Result as shown in Table 1 is it has been confirmed that try the chip pulling force of silicon in gaseous environment of the adhesive phase in 100 DEG C The value tried to achieve is tested as (embodiment 1~4) in the case of more than 3.0N/ chips, can prevent chip offset.

Claims

1. a kind of bonding sheet, it is the bonding sheet used when the semiconductor element on to bonding sheet seals,

The bonding sheet possesses base material and adhesive phase, and described adhesive layer draws the chip of silicon under 100 DEG C of gaseous environment The value tried to achieve in power experiment is more than 3.0N/ chip.

2. bonding sheet according to claim 1, wherein, storage modulus of the base material at 100 DEG C is 1 × 10⁷Pa with On.

3. bonding sheet according to claim 1 or 2, wherein, described adhesive layer contains acrylic pressure-sensitive adhesive compositions Or silicone adhesive category composition.

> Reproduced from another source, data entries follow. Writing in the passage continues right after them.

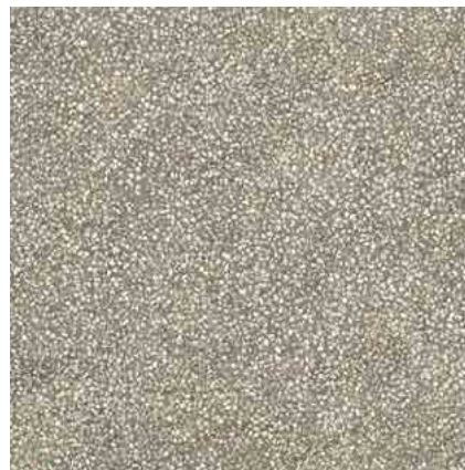
M2H6 Art20 Taupe 80x80
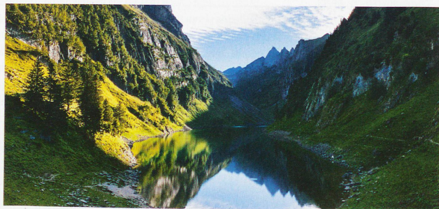
Lago de Fählen en el cantón de Appenzell Rodas Interiores, con la cumbre Altmann al fondo
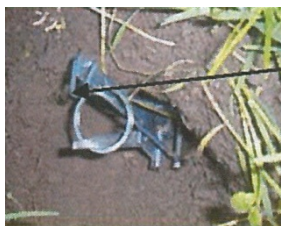
Nettoyer le trou, introduire Le tue taupe et vérifier que le déclencheur coulisse bien en le manœuvrant de haut en bas
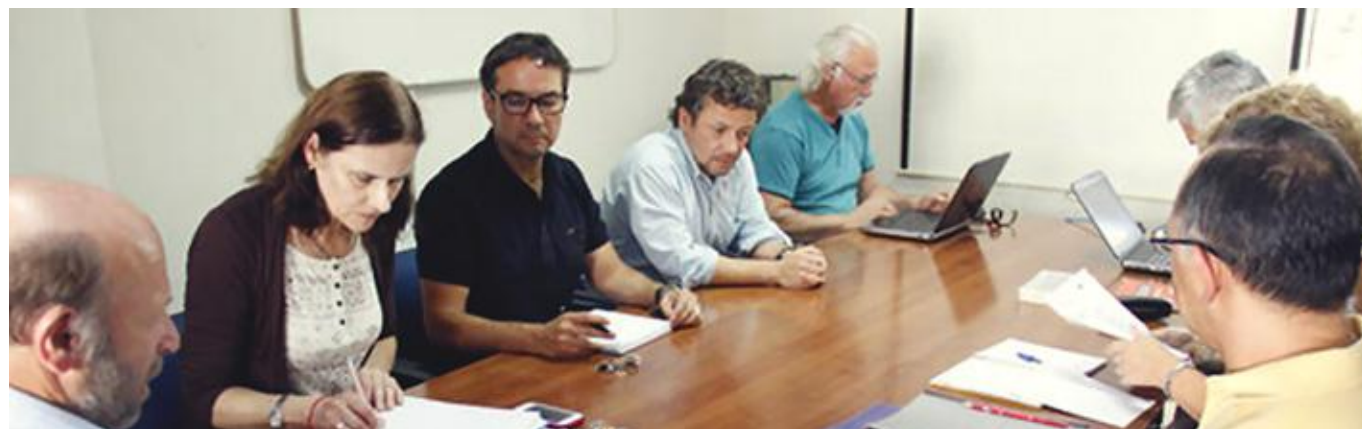
Socialización sistema de datos SIDI

Fortalecer los procesos de gestión que permitan apoyar los procesos formativos de calidad en la formación de profesores y promover tasas de titulación oportuna de nuevos pedagogos.
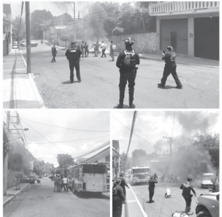
Un vehículo del servicio público tipo taxi se incendió este miércoles en la colonia Flor de Liz, presuntamente a causa de una falla mecánica, sin que se registraran pérdidas humanas.

Asimismo, las corporaciones de seguridad y auxilio destacaron la importancia de evitar especulaciones y atender únicamente la información emitida por fuentes oficiales.
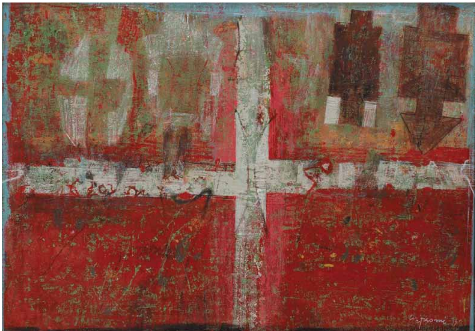
Александар Цветковић Заставе , 1993. уље на платну, 45 x 65 cm
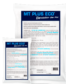
Elevador de Ph
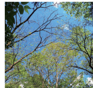
季節によって楽しみ方が違う
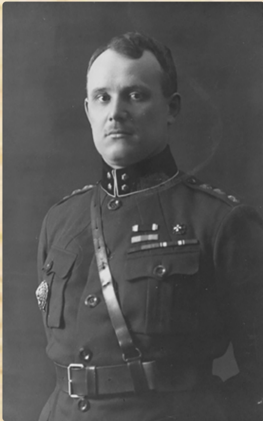
Kindral Johan Laidoner.

Eestisse pöördus Laidoner tagasi detsembris 1918, mil vabadussõda juba käis. Esimene suurem teene Eesti jaoks vabadussõja ajal, mis Laidoner tegi, oli see, et tänu temale jõudis Tallinnasse kohale
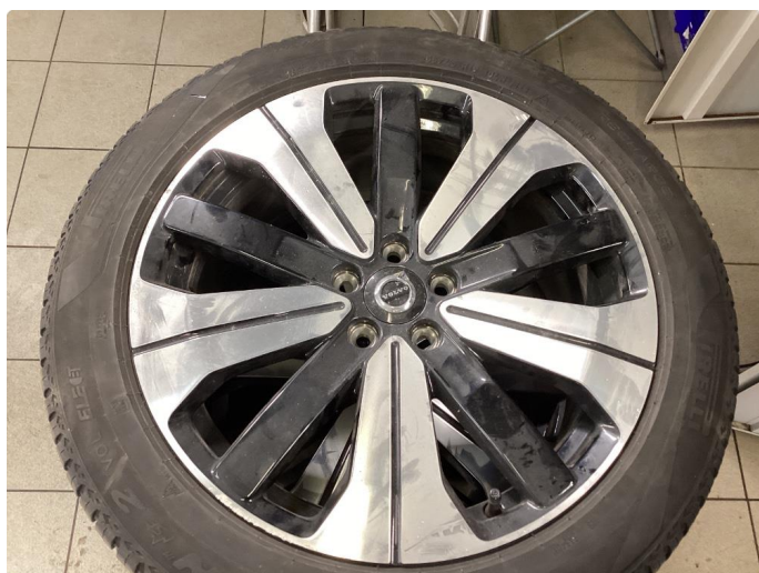
1.5 Kantkjørt felg
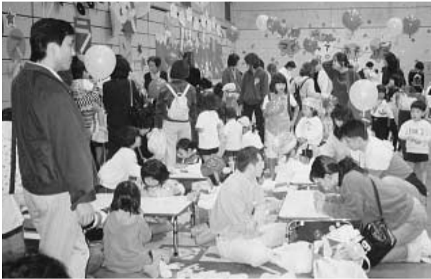
田辺中央体育館で行われた昨年の保育のつどい

保育のつどい実行委員会は「ふれあい、笑顔、みんな仲よし」をテーマに保育のつどいを開きます。 このつどいは、「未来に向けて、希望あふれる子どもたちの幸せを願い、子ども同士ふれあいや遊びを楽しむ事」を目的に行われるものです。 日時 10月26日(土)午前9時30分～正午(雨天決行) 場所 田辺中央体育館とその周辺 内容 田辺中央体育館：赤ちゃんコーナー・キールホルダーづくり・ミニミニバスケット・手作り楽器で遊ぶ・和太鼓 同館周辺：フレンドリーコンサート・輪投げ・移動劇場・わんぱくランド・交通安全コーナー・ミニ消防コーナー・おたのしみカプセル
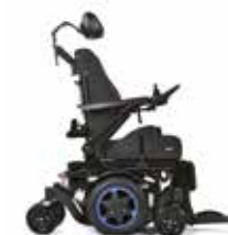
Q300 M Mini

To jest wyrób medyczny. Używaj go zgodnie z instrukcją używania lub etykietą.
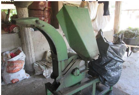
Imagen N° 17 picadoras granja los Laureles

En la granja los laureles existen maquinaria agrícola tales como dos picadoras de pasto con varios servicios, una guadañadora, una hidrolavadora, motosierra.
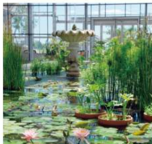
●インドアガーデン 庭園の象徴となっている大きなガラスハウスで、色鮮やかな亜熱帯の植物をご覧いただけます。
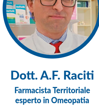
Dott. A.F. Raciti Farmacista Territoriale esperto in Omeopatia
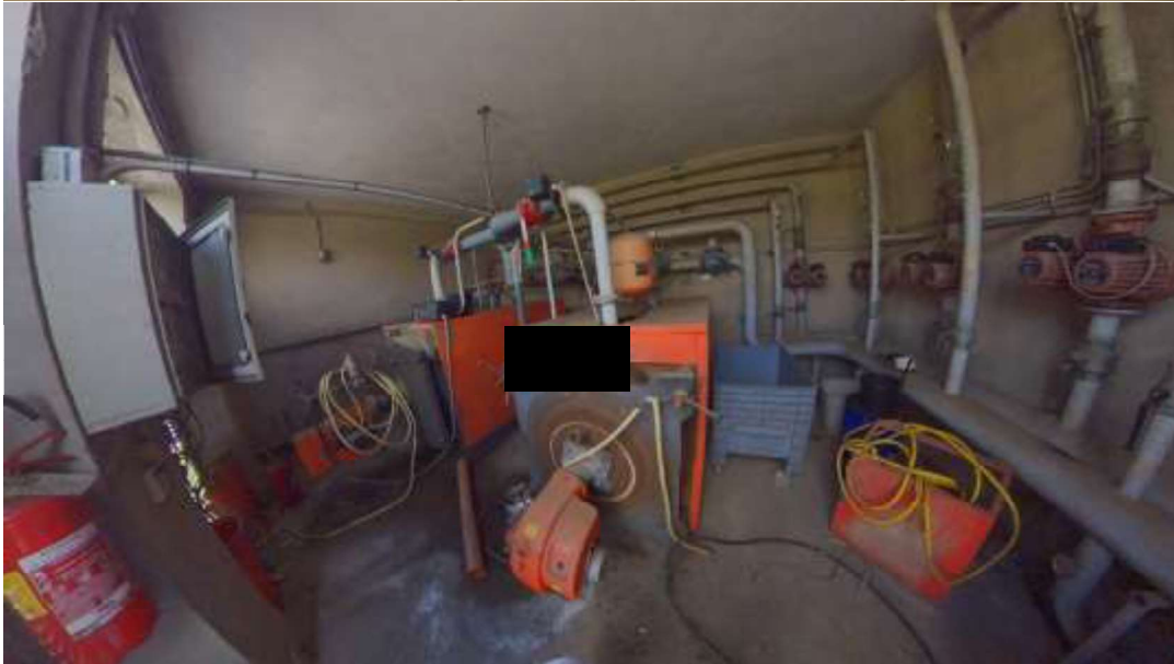
Figura 17 Centrale termica
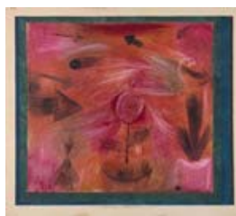
Paul Klee: maestro de la Bauhaus

Ediciones española e inglesa (con versiones para e-book)
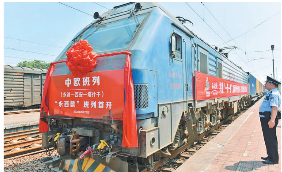
近日,陕西西安携手山西永济开通了“永西欧”中欧班列。

4. bonding sheet according to claim 3, wherein, the acrylic pressure-sensitive adhesive compositions are included with acrylic acid 2- second Acrylic copolymer of the own ester of base as principal monomer.

5. bonding sheet according to claim 3, wherein, the silicone adhesive category composition, which includes addition polymerization type, to be had Machine silicones.